The low level of capital expenditure relative to the company's overall cash burn indicates that the primary financial drain is operational rather than asset-based. This may imply that the company is currently focused on maximizing the utility of its existing cGMP facility rather than committing to further large-scale capital projects.
Data from recent SEC filings indicates that stock-based compensation has served as a significant non-cash adjustment, reaching as high as $4.6M in 2024Q2, which effectively obscures the true economic cost of talent retention by shifting the burden from immediate cash outflows to long-term shareholder dilution.

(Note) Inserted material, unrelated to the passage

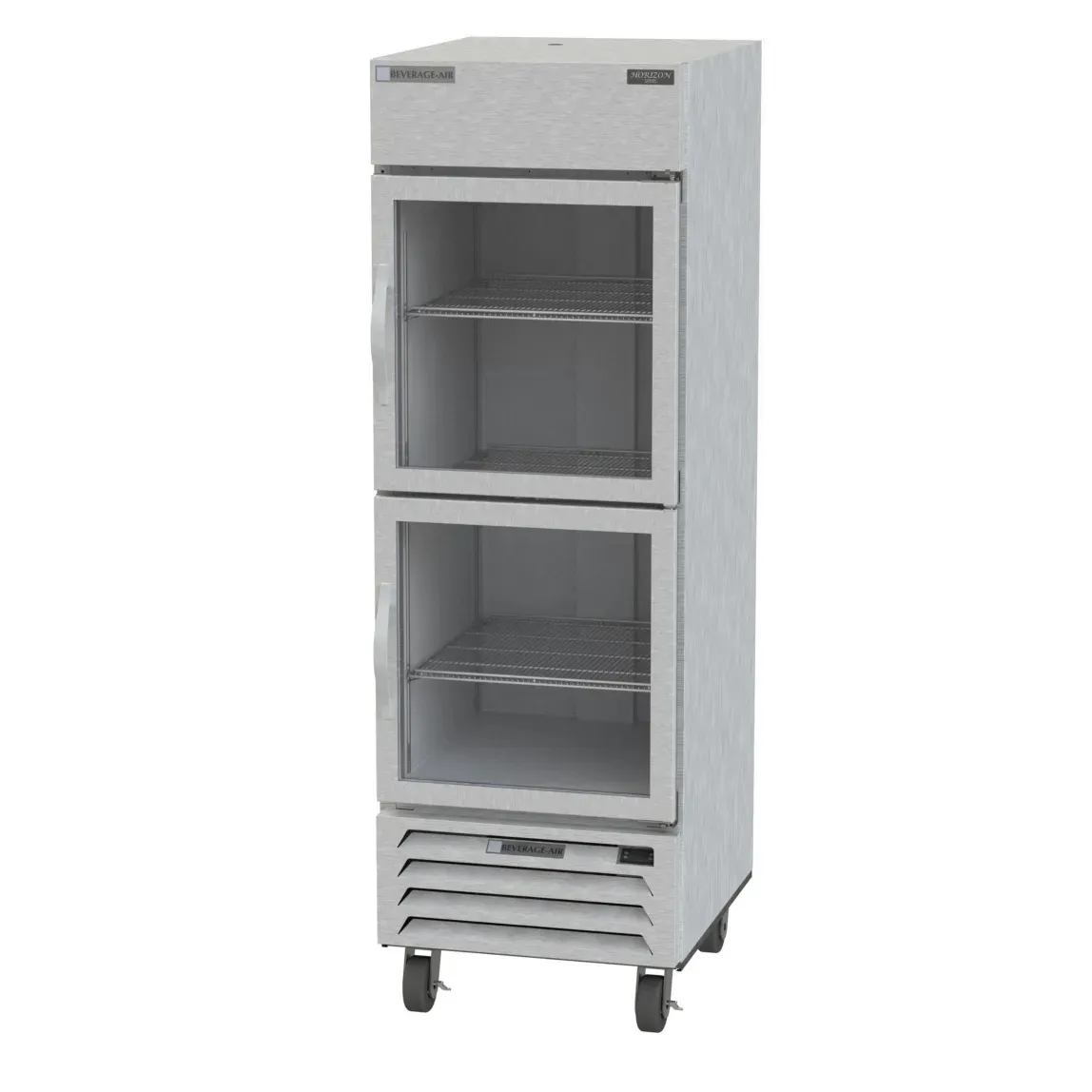 Kitchen innovation at its best, the Beverage Air HBF23HC-1-HG Freezer is a must-have for any commercial restaurant. With its Horizon Series design, this reach-in freezer offers a spacious 22.5 cu. ft. capacity, providing ample storage space for all your frozen goods. The two right-hand hinged glass half doors allow for easy visibility and access to your inventory, while the three adjustable shelves offer flexibility in organizing your products. The electronic control and digital display make it simple to monitor and adjust the temperature, ensuring optimal food preservation. The LED interior lighting illuminates the contents, making it easy to locate items even in low-light conditions. With expansion valve technology and automatic defrost, this freezer guarantees efficient performance and hassle-free maintenance. The bottom-mounted self-contained refrigeration system ensures easy access for servicing and cleaning. Made in the USA with a stainless steel interior and exterior, this freezer is built to withstand the demands of a busy commercial kitchen. Trust Beverage Air for reliable, high-quality refrigeration solutions.

While SBC provides a necessary buffer for the company's cash position, it represents a hidden cost that investors must account for when evaluating the sustainability of the firm's operations. The reliance on equity-based incentives suggests that the company's ability to retain specialized talent is directly tied to its stock performance, creating a feedback loop that warrants further investigation.
Quick answers to the most common questions about buying TNYA stock.
Tenaya Therapeutics, Inc. (TNYA) generated $-68.3M in net cash from operating activities in 2025. This reflects the cash generated directly from core business operations.
Tenaya Therapeutics, Inc. (TNYA) reported negative free cash flow of $68.9M in 2025, indicating capital requirements exceeded cash from operations.
Tenaya Therapeutics, Inc. (TNYA) spent $0.6M on capital expenditures in 2025. CapEx represents the cash invested in physical assets like property, plant, and equipment to maintain or grow the business.